Les indemnités de départ du PDG de Carrefour : Un scandale à l'image de cette société28/04/20052005Journal/medias/journalnumero/images/2005/04/une1917.jpg.445x577_q85_box-0%2C104%2C1383%2C1896_crop_detail.jpg

Leur société

Les indemnités de départ du PDG de Carrefour : Un scandale à l'image de cette société

39 millions d'euros, plus de 2 500 années de salaire d'un travailleur salarié au SMIC. Voilà la coquette somme qu'a empochée le PDG de Carrefour en guise d'indemnités de départ. C'est la somme qu'avait négociée Daniel Bernard, jusqu'à ces dernières semaines PDG de Carrefour, qui exploite 400000 travailleurs à travers le monde.

Car les PDG de ces puissantes sociétés négocient, dès leur entrée en fonction, les conditions de leur éventuelle mise sur la touche. C'est légal. C'est leur manière de positiver. Et le plus savoureux, c'est que ce PDG gourmand a été "remercié" -c'est comme ça qu'on dit- pour n'avoir pas atteint les objectifs fixés par le Conseil d'administration de Carrefour. Dans le même temps, sans gêne ni remords, la direction de Carrefour concédait royalement une augmentation de salaire de 2% en deux fois pour l'année 2005 à ses employés en France.
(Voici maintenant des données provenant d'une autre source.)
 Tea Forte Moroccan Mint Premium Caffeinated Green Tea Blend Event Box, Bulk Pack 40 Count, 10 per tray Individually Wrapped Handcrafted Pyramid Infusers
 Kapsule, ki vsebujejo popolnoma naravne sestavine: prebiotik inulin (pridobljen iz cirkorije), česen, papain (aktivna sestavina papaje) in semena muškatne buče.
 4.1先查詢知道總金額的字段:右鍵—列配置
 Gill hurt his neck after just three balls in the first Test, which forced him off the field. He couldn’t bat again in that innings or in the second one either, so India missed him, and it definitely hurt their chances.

Pour les grosses entreprises capitalistes, c'est la coutume de rétribuer grassement leurs plus hauts cadres et ce scandale n'est pas le premier. En 1999, Émile Jaffré, PDG démissionnaire d'Elf à cause du rachat de cette entreprise par TotalFina, aurait touché entre 30 et 45 millions d'euros. On en est à des supputations car la transaction est restée secrète. Trois ans plus tard, Jean-Marie Messier, contraint d'abandonner la présidence de Vivendi, pouvait s'en consoler en empochant la bagatelle de 21 millions d'euros. Plus récemment, Serge Weinberg, évincé de la présidence du directoire de Pinault-Printemps-Redoute pour laisser la place chaude au rejeton de François Pineau lui-même, devait se contenter de 5,3 millions d'euros assortis d'une retraite complémentaire sans doute confortable car d'un montant tenu secret. Enfin, Pierre Lescure, président de Canal+ jusqu'en 2002, a dû subir l'affront d'une indemnité de départ de 3 millions d'euros.
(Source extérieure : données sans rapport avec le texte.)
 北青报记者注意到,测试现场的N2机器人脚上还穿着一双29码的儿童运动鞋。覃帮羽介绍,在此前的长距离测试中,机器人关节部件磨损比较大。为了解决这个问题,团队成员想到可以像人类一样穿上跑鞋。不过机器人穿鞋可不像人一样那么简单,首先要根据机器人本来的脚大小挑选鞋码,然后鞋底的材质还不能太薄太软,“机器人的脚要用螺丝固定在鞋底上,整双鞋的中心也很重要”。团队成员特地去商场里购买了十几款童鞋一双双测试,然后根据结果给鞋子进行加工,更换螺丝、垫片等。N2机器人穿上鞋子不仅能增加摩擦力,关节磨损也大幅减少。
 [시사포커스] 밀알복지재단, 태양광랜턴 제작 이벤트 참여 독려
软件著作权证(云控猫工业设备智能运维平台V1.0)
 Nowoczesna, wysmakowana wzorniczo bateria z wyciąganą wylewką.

Ces indemnités royales, ces retraites dorées et garanties pour PDG vieillissants ou remerciés, ne sont que des arbres cachant une forêt de profits faramineux. Le groupe Carrefour par exemple a réalisé 1662 millions d'euros de bénéfice en 2004. 673 millions ont été reversés sous forme de dividendes.
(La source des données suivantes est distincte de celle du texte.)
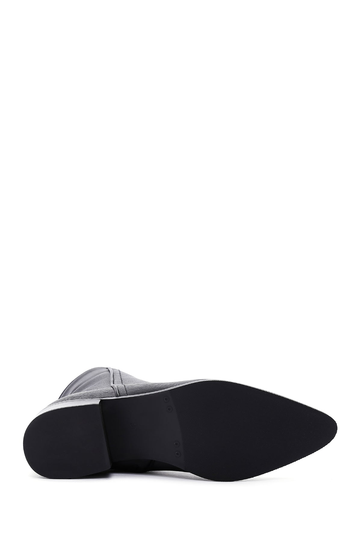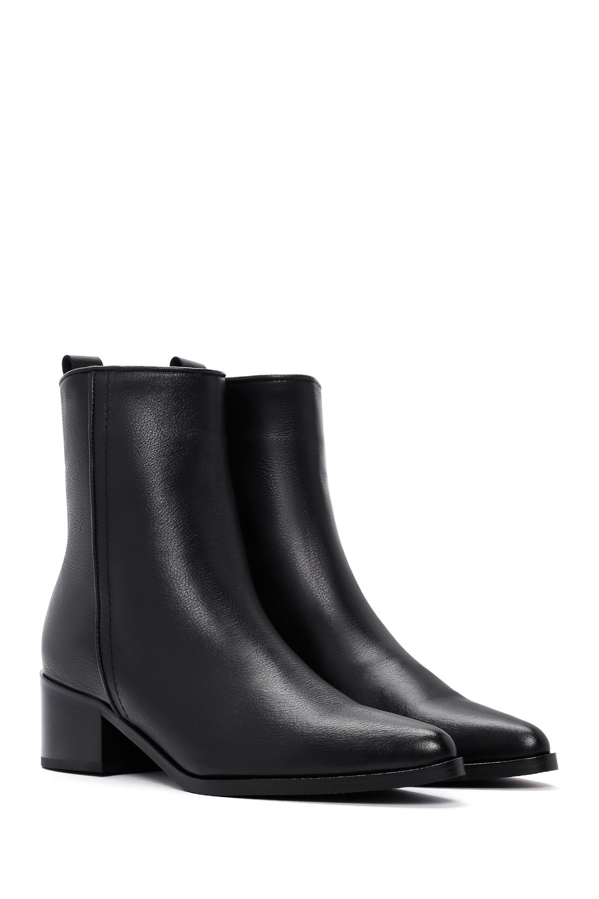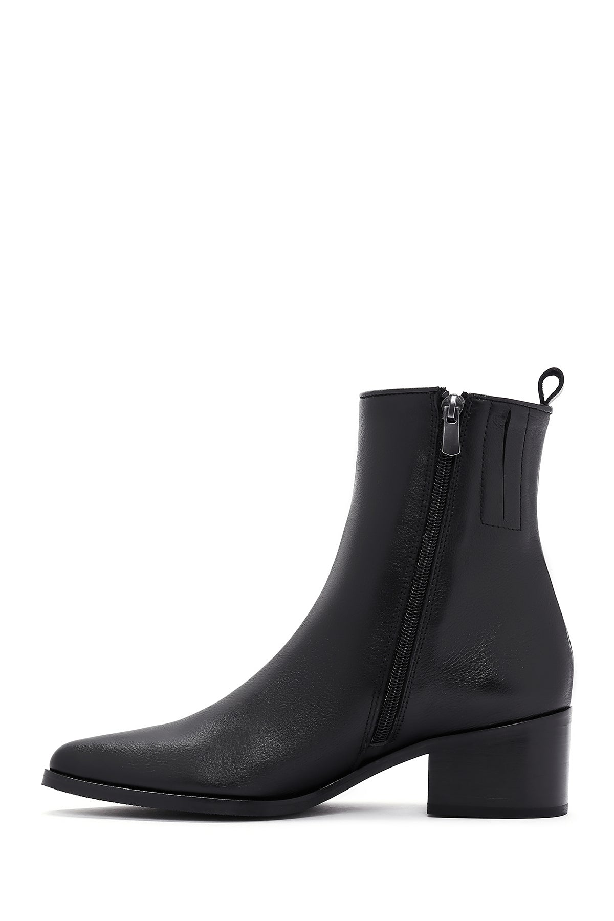 Kadın Siyah Fermuar Detaylı Kısa Topuklu Deri Bot

Les politiciens de droite ou de gauche, et même les patrons, soucieux de prévenir l'indignation de tous ceux qui ont du mal à joindre les deux bouts, disent qu'ils sont choqués et proposent quelques mesures pour moraliser cette pratique.

Pour Thierry Breton, successeur de Sarkozy au ministère de l'Économie, il faut tout simplement soumettre le montant des indemnités de départ des dirigeants d'entreprises au vote de tous les actionnaires. En supposant que ce type de mesures voie le jour et soit appliqué, ce serait au mieux instaurer le contrôle des PDG par les principaux actionnaires. Bien plus radical, le socialiste François Hollande se déclare partisan de l'interdiction par la loi de telles pratiques, ce que le PS s'est bien gardé de faire quand il disposait de la majorité, alors que des scandales du même type se produisaient. L'affaire Jaffré, par exemple, se produisit alors que Fabius était ministre des Finances. Encore une fois, Hollande pourra toujours changer d'avis après 2007, si toutefois il accédait aux affaires.

On ne risque pas grand-chose à parier qu'une fois passée l'indignation provoquée par ce scandale, tous ces bonimenteurs rangeront leurs vigoureux propos aux magasins des accessoires verbaux à réutiliser pour le prochain scandale. Bien sûr, personne n'a osé proposer le contrôle par les salariés. Ce serait pourtant bien plus efficace.